Intro: To be, or not to be, that is the question… does Calgary have the potential to be a modern Renaissance city?

Or do complacency and constraints - both in thought and the economy - mean it is not to be? Based on much research and interviews with our experts, I strongly believe that Calgary is not on the road to becoming a modern Renaissance City. Since the arrival of the Northwest Mounted Police in 1875, Calgary has endured the great fire of 1886, the harsh realities of the great depression and two world wars and the challenges of economic “busts”. Calgarians have also enjoyed multiple economic boom times and the privilege of hosting the 1988 Olympic games. But through all of these ups and downs, Calgary has not emerged as a Renaissance city. And it never will. There are three compelling reasons Calgary is destined to remain an energetic, livable, but ultimately uninspiring city. First, without a significant external event to force change, it’s abundantly clear that Calgarians are content with the status quo. Second, we refuse to generously fund the arts and as a result, the creative arts struggle to flourish in our city. Finally, Calgary’s economic foundations rest on a narrow, carbon-intensive and ultimately declining resource, which means it is destined to slowly crumble away. Body: In the mid-14th century, one of the key factors that set the stage for the Italian Renaissance was the Black Death, which made people question the world around them – especially the strong authority of the Catholic Church. Calgary lacks the modern equivalent – a major event or force that will force a fundamental re-examination of our beliefs and priorities. In fact, according to the Alberta Elections website, since 1971 Calgary has helped to elect 10 consecutive Conservative provincial governments. This goes to show that the citizens of Calgary are content. We generally lack the desire to question or challenge the status quo. Since there is no drive for basic reflection or change, there will be no revitalization of Calgary’s society. Consequently, there can be no modern Renaissance in our city.

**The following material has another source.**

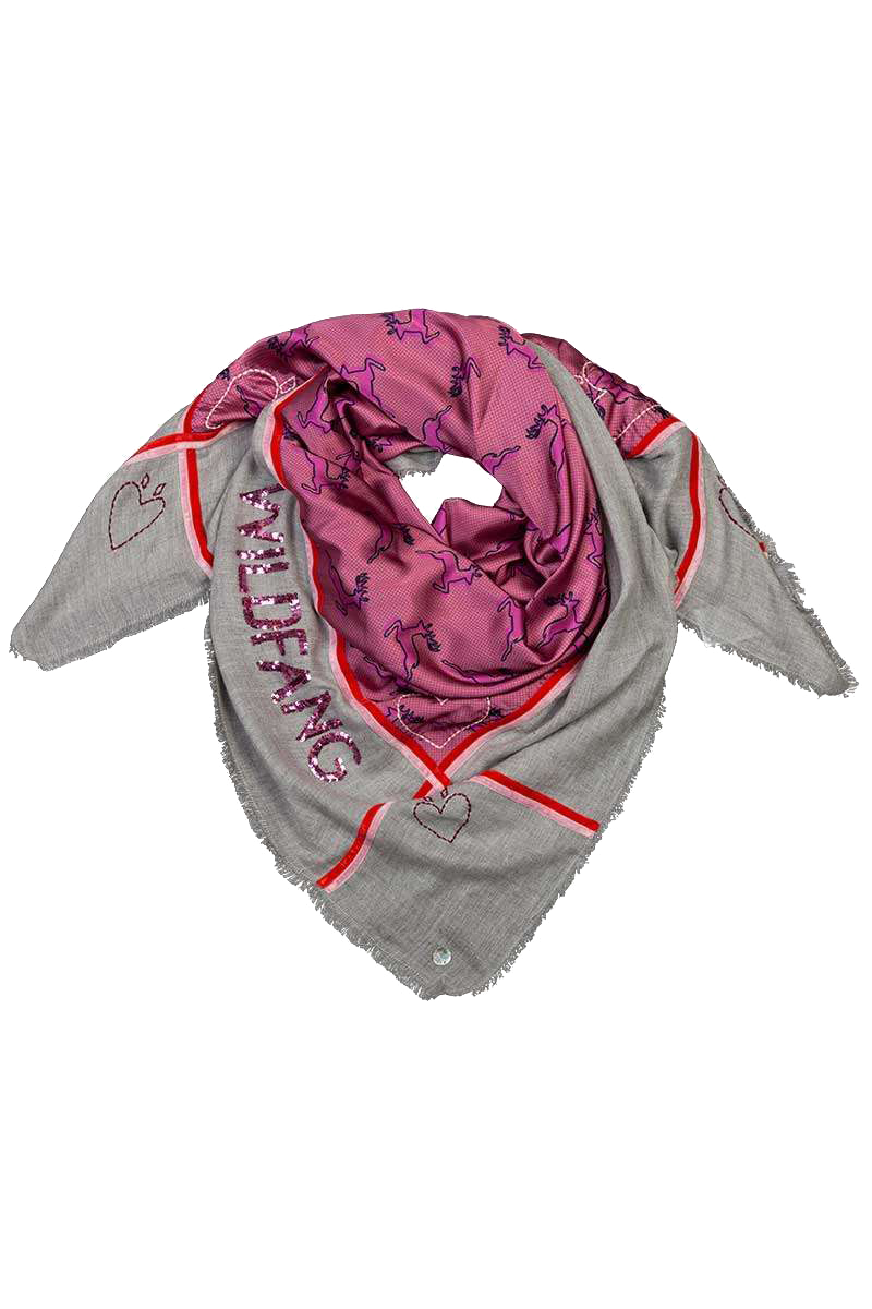 • Schriftzug "WILDFANG" zweifach in leuchtenden Pailletten auf den breiten grauen Rändern aufgestickt

During the Italian Renaissance, patrons donated large sums of money to fund the arts and culture of their cities. There is no parallel in Calgary today. Despite enjoying 5 economic “booms” since 1947, according to Hill Strategy Research Inc., only 0.8% of Calgary’s labour force is engaged in the arts. And those artists earn only 43% of the average wage. This is because even though there are several super-wealthy people in Calgary, the bulk of Calgary’s wealth is in corporations. And their shareholders must approve corporations’ charitable donations. Canada’s five largest companies are Royal Bank of Canada, EnCana, Research in Motion, Imperial Oil Ltd. and Toronto Dominion Bank. A review of their corporate websites makes it clear that shareholders strongly prefer to fund education, health, youth and community initiatives over the arts. This goes to show that funding for the arts is not a priority for the wealthiest entities in our city. Nor are arts and culture a top concern for Calgary’s citizens. The economy of the Italian Renaissance was based around trade, banking, art, guild activities such as wool, etc. In modern day Calgary, our economy is focused on primary resource industries: forestry, mining, fishing, oil and gas. In fact, according to Calgary Economic Development, these sectors contributed over $10 billion to Calgary’s economy in 2008 – 14.5% of the total economy. Since Renaissance Italy’s economy was more widespread and diverse, if one industry crashed then it was still stable. In Calgary, if the primary resource sector starts to fail, we’ll be in trouble. This seems inevitable. In fact, the World Energy Council's 2007 Survey of Energy Resources stated: "The evidence suggests that the peak of world discovery was in the 1960s, meaning that the corresponding peak of production for 'conventional oil' (oil from oil wells as opposed to synthetic oil from tar sands, shale or coal) is approaching. The world started using more than it found in 1981 and that gap has widened since." The study went on to warn: "Given the central position of oil in the modern economy, the onset of decline threatens to be a time of great economic and geopolitical tension." The study suggests production will peak around 2011 when the age of oil will begin its inevitable decline. With one-seventh of Calgary’s economy tied to the oil and gas sector, it’s clear that our limited

economic diversity means we will face troubling times in the years and decades as the oil and gas sector inevitably starts to decline. Conclusion: As I’ve so clearly shown, Calgary is not well positioned to become a modern Renaissance city. Three major, limiting factors are: 1. Unwillingness to change 2. Lack of funding for arts and culture 3. A narrow economy based on a declining resource. In conclusion, it is quite apparent that Calgary is missing many key factors that are necessary for it to be a flourishing Renaissance city.